Plocamosaris auritogata

Scientific classification
- Domain: Eukaryota
- Kingdom: Animalia
- Phylum: Arthropoda
- Class: Insecta
- Order: Lepidoptera
- Family: Gelechiidae
- Genus: Plocamosaris
- Species: P. auritogata
- Binomial name: Plocamosaris auritogata (Walsingham, 1911)
- Synonyms: Noeza auritogata Walsingham, 1911 ; Dichomeris auritogata ; Noeza pyropis Meyrick, 1918 ; Dichomeris pyropis ;

= Plocamosaris auritogata =

- Authority: (Walsingham, 1911)

Species of moth

Plocamosaris auritogata is a moth in the family Gelechiidae.
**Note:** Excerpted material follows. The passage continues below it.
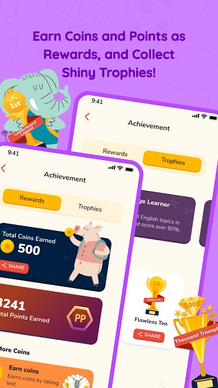 حافظ على حماسك مع التحديات والمكافآت داخل التطبيق وأدوات التعلم التفاعلية التي تجعل الدراسة ممتعة، حتى للامتحانات الصعبة مثل أولمبياد الرياضيات، وأولمبياد العلوم، وأولمبياد اللغة الإنجليزية، وأولمبياد الحاسوب.

It was described by Thomas de Grey in 1911. It is found in Panama, French Guiana and Brazil.

The wingspan is about 21 mm. The forewings are reddish chestnut, with a patch of reddish ochreous, slightly raised scales on either side of the fold at about one-fourth and a small dark chestnut spot at the end of the cell, as well as an elongate transverse dark chestnut shade, separated from the termen by a shining lilac marginal line, which is widened upward to the apex, where it is diffused and diluted inward over the wing-surface, at least as far as the upper angle of the cell. The hindwings are golden-yellow.